PSPOs are a tool available to councils to address anti-social behaviour (ASB) in their local areas. They can be implemented under the Anti-social Behaviour, Crime and Policing Act 2014.

Orders can be introduced in a specific public area where the local authority is satisfied that:

§ activities that have taken place have had a detrimental effect on the quality of life of those in the locality

§ the effect of these activities is persistent and/or unreasonable

§ the activities justify the restrictions being imposed

Kingdom and PSPOs – Enforcement in action

With an estimated 13 million dogs in the UK, it only takes a minority of anti-social owners to create a big, and sometimes very messy, problem! PSPOs encompass much of the previous dog control legislation and Kingdom has a lot of experience in helping councils encourage ‘better owners’ - and taking enforcement action when necessary.

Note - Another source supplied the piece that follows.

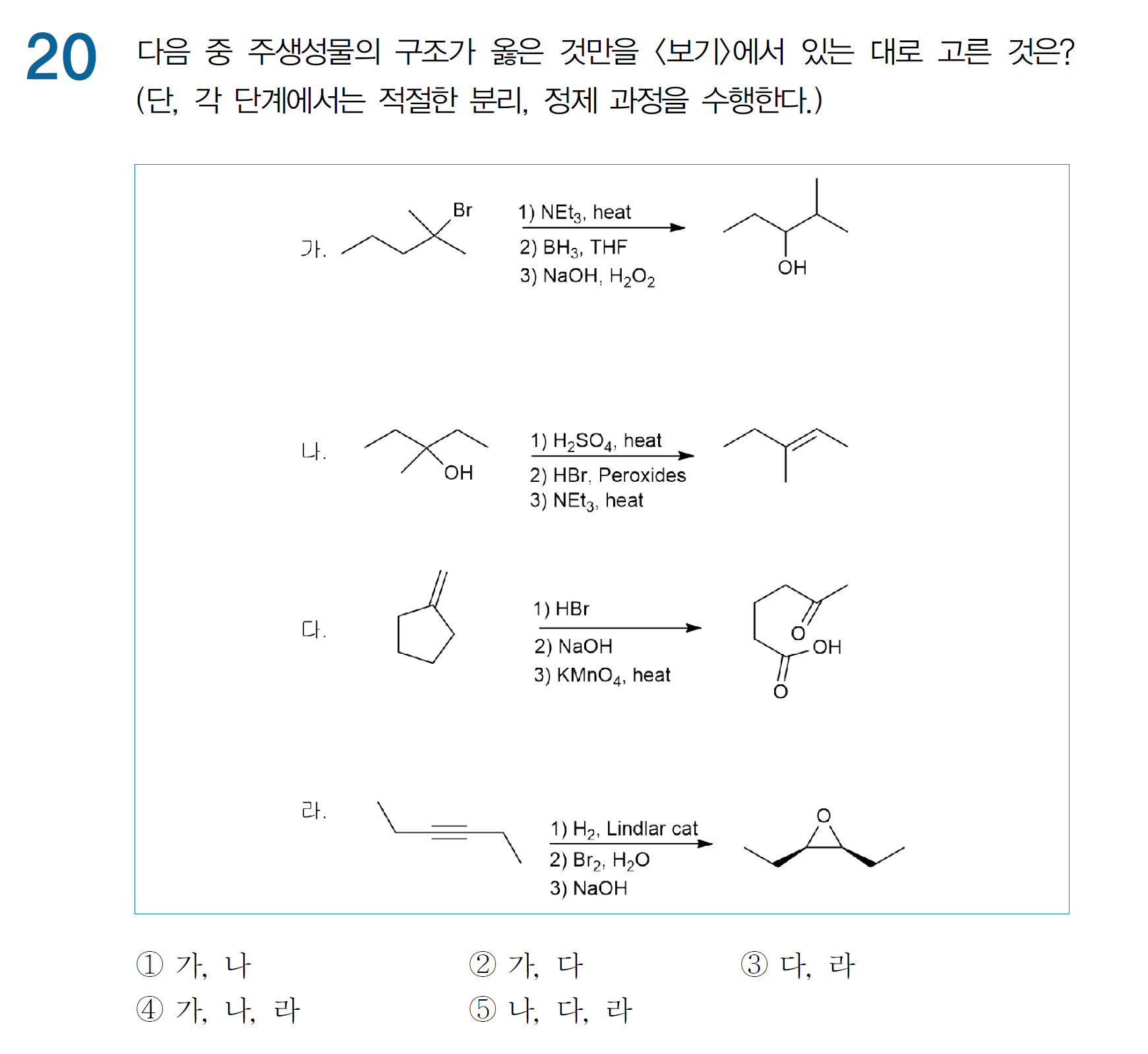 가, 나, 다, 라 선지 모두 올바른 작용기 변환이 되었다고 판단했었는데요~

Take dog exclusion zones which coastal authorities often use between May and September to safely zone beaches as dog and non-dog recreational areas. We advise on signposting with the onus on clear demarcation and no ambiguity, which greatly minimises the incidence of non-compliance in the first place; and makes enforcement easier for our patrol teams.

Another growth area is around preventing dog fouling, with PSPOs giving police officers or council officials the right to ask dog walkers whether they have the means to pick up. While the majority of responsible dog owners have a poo bag in every pocket, a small minority don’t, leading to some highly unpleasant environmental outcomes.

Our officers will often have a more visible presence in car parks, for example, approaching newly arrived dog walkers and asking them the question. It is an opportunity to educate as much as anything; and even those who have bags with them understand why the action is being taken and are fully supportive of the efforts to weed out those people who give dog owners a bad name.

More than just anti-social behaviour

With PSPOs designed to minimise or remove anti-social behaviour from designated areas, patrolling and enforcement delivers a number of benefits, not just limited to having nicer, safer spaces free from people spitting or urinating, playing loud music, drug taking or drinking in the street.

Take driving over verges or parking on footways. Enforcement helps keep these spaces clear and risk-free for everyone, especially those with impaired mobility or those with buggies. It can also prevent damage to paths, pipes and cables, all of which cost taxpayers’ money to repair.

Some councils also have serious issues in the vicinity of schools, with approach roads often suffering from inappropriate parking, with a heightened risk to everyone transiting that area. PSPOs give essential legal backing to officers’ efforts to keep roads safe and reduce accident risk.

What is a Community Protection Notice (CPN)?

CPNs are used against specific individuals responsible for causing harm, or for tackling particular problem premises, unlike PSPOs which create a broader ban covering a whole area. They are complementary tools and like PSPOs there is a certain threshold that must be met before a CPN can be written. Both tools also give councils and their officers the scope to educate and encourage better behaviour without the need for sanction – but also to go further when they have to, in the shape of enforcement action.

A breach of a CPN will result in a Fixed Penalty Notice (FPN) and subsequent breaches and FPNs will go into the prosecution’s evidence package for when a council seeks an injunction to put a stop to the offending behaviour.

A good example that Kingdom deals with regularly is the multiple occupancy home with a high turnover of occupants. We’ll typically see a pattern of fly-tipping in the back alleys or other areas where residents just leave their furniture rather than getting it disposed of properly.

A CPN can be issued to the homeowner so that they are aware of the issue and can make their tenants aware. Our patrols will monitor the location to ensure that compliance is on-going.

Working with Kingdom LAS

Kingdom LAS has extensive experience supporting local authorities across a range of environmental protections and enforcement areas. Our officers make a big impact without making waves as engaging with – and sometimes penalising – the public has to be done sensitively but authoritatively too. PSPOs and CPNs are useful tools which we can help councils leverage to create cleaner, safer, more pleasant public spaces.